→ Exercise goal: Reproduce all of the data exactly. Images are not to appear in the reply.

→ Data block:

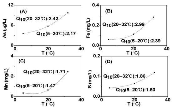 The Q10 values were employed to further investigate the significant impact of temperature on both microbial respiration and the mobilization rates of redox-sensitive species (Figure 7). From Figure 5, it can be seen that the release rate of As was the fastest during the 2nd to 6th day under low DO conditions, so the Q10 analysis was conducted for this period, revealing a strong temperature dependence of As release from the sediment. The Q10 values for As, Fe, Mn, and S increased from 5 °C to 20 °C, with values of 2.17, 2.39, 1.47, and 1.50, respectively. As the temperature further increased from 20 °C to 32 °C, the Q10 values for As, Fe, Mn, and S increased to 2.42, 2.99, 1.71, and 1.86, respectively. It can be observed that the Q10 value of As was synchronized with the Q10 values of the other redox-sensitive elements, consistent with previous research findings [,]. Fe(III) and Mn oxides were considered important hosts for As in the sediments of Lake Taihu [], so the reduction dissolution of As-bearing Fe(III) and Mn minerals might also play a role in As migration. The concentration of As was significantly correlated with Fe2+ and Mn2+ (p < 0.01) (Table S2). Therefore, under low DO conditions, with the increase in temperature, the reduction of Fe/Mn-OOH and sulfates was enhanced, leading to a significant promotion of dissolved As. The Q10 values of As showed that a small increase in water temperature above about 20 °C might significantly elevate As concentrations in Taihu Lake. The findings suggest that temperature-dependent reduction processes within the hyporheic zone’s benthic sediments played a crucial role in controlling As mobility across various spatial and temporal scales, aligning with our field observations at both local and regional levels [].
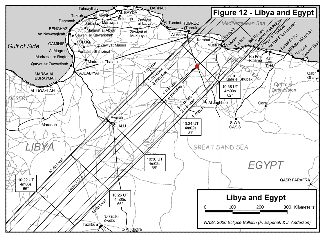 the eclipse (30.940N, 24.241E), and Google Maps
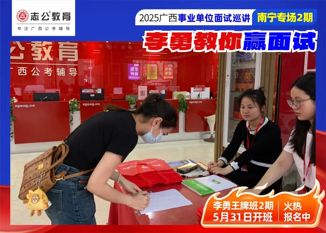 隨著2025廣西事業(yè)單位——李勇教你贏面試【南寧專場2期】線下巡講落幕,這場"面試攻堅戰(zhàn)",不僅點燃了備考熱情,更讓志公教育"幫助人才實現(xiàn)更高質(zhì)量的就業(yè)"的使命,在八桂大地結(jié)出更多碩果。

→ Task solution:
 The Q10 values were employed to further investigate the significant impact of temperature on both microbial respiration and the mobilization rates of redox-sensitive species (Figure 7). From Figure 5, it can be seen that the release rate of As was the fastest during the 2nd to 6th day under low DO conditions, so the Q10 analysis was conducted for this period, revealing a strong temperature dependence of As release from the sediment. The Q10 values for As, Fe, Mn, and S increased from 5 °C to 20 °C, with values of 2.17, 2.39, 1.47, and 1.50, respectively. As the temperature further increased from 20 °C to 32 °C, the Q10 values for As, Fe, Mn, and S increased to 2.42, 2.99, 1.71, and 1.86, respectively. It can be observed that the Q10 value of As was synchronized with the Q10 values of the other redox-sensitive elements, consistent with previous research findings [,]. Fe(III) and Mn oxides were considered important hosts for As in the sediments of Lake Taihu [], so the reduction dissolution of As-bearing Fe(III) and Mn minerals might also play a role in As migration. The concentration of As was significantly correlated with Fe2+ and Mn2+ (p < 0.01) (Table S2). Therefore, under low DO conditions, with the increase in temperature, the reduction of Fe/Mn-OOH and sulfates was enhanced, leading to a significant promotion of dissolved As. The Q10 values of As showed that a small increase in water temperature above about 20 °C might significantly elevate As concentrations in Taihu Lake. The findings suggest that temperature-dependent reduction processes within the hyporheic zone’s benthic sediments played a crucial role in controlling As mobility across various spatial and temporal scales, aligning with our field observations at both local and regional levels [].
 the eclipse (30.940N, 24.241E), and Google Maps
 隨著2025廣西事業(yè)單位——李勇教你贏面試【南寧專場2期】線下巡講落幕,這場"面試攻堅戰(zhàn)",不僅點燃了備考熱情,更讓志公教育"幫助人才實現(xiàn)更高質(zhì)量的就業(yè)"的使命,在八桂大地結(jié)出更多碩果。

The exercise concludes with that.